**Exercise aim**
Give the lines below again, exactly as they stand, and leave out the images.

**Collected data**
===
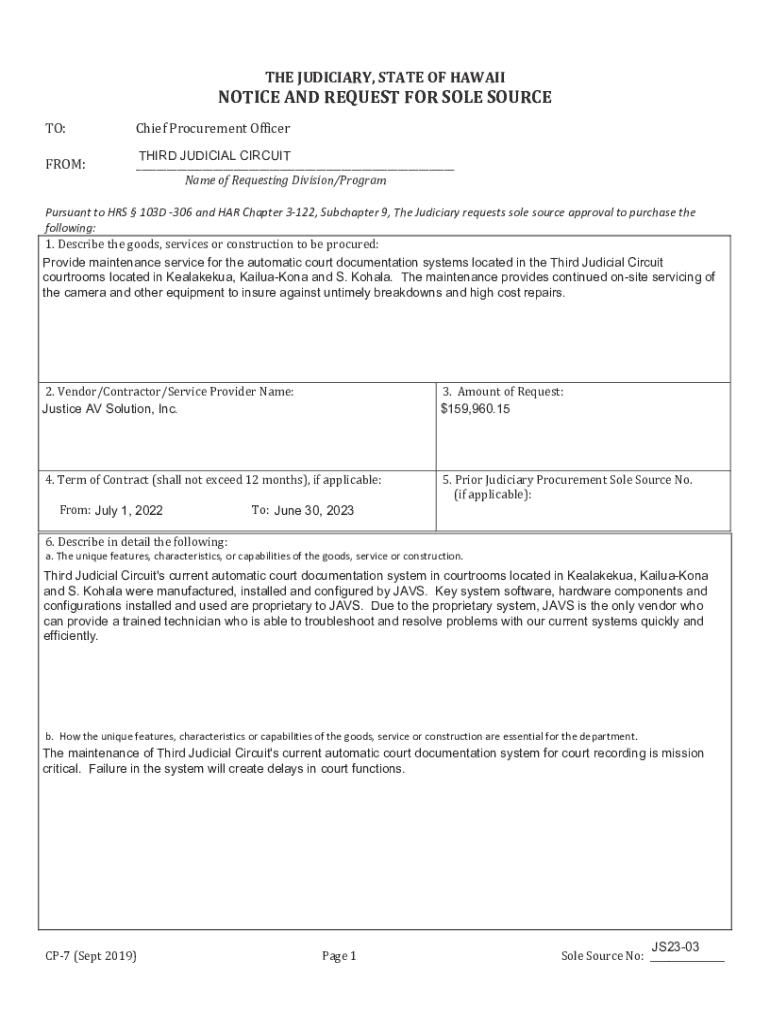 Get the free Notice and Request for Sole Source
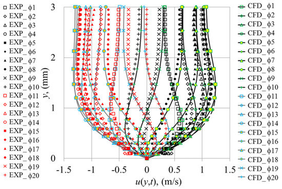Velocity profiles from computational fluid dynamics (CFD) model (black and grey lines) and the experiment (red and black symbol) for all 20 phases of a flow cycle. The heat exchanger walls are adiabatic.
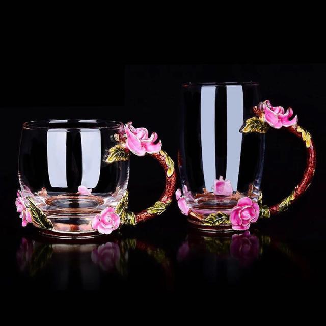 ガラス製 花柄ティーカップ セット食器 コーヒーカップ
===
**Response to this exercise**
 Get the free Notice and Request for Sole Source
Velocity profiles from computational fluid dynamics (CFD) model (black and grey lines) and the experiment (red and black symbol) for all 20 phases of a flow cycle. The heat exchanger walls are adiabatic.
 ガラス製 花柄ティーカップ セット食器 コーヒーカップ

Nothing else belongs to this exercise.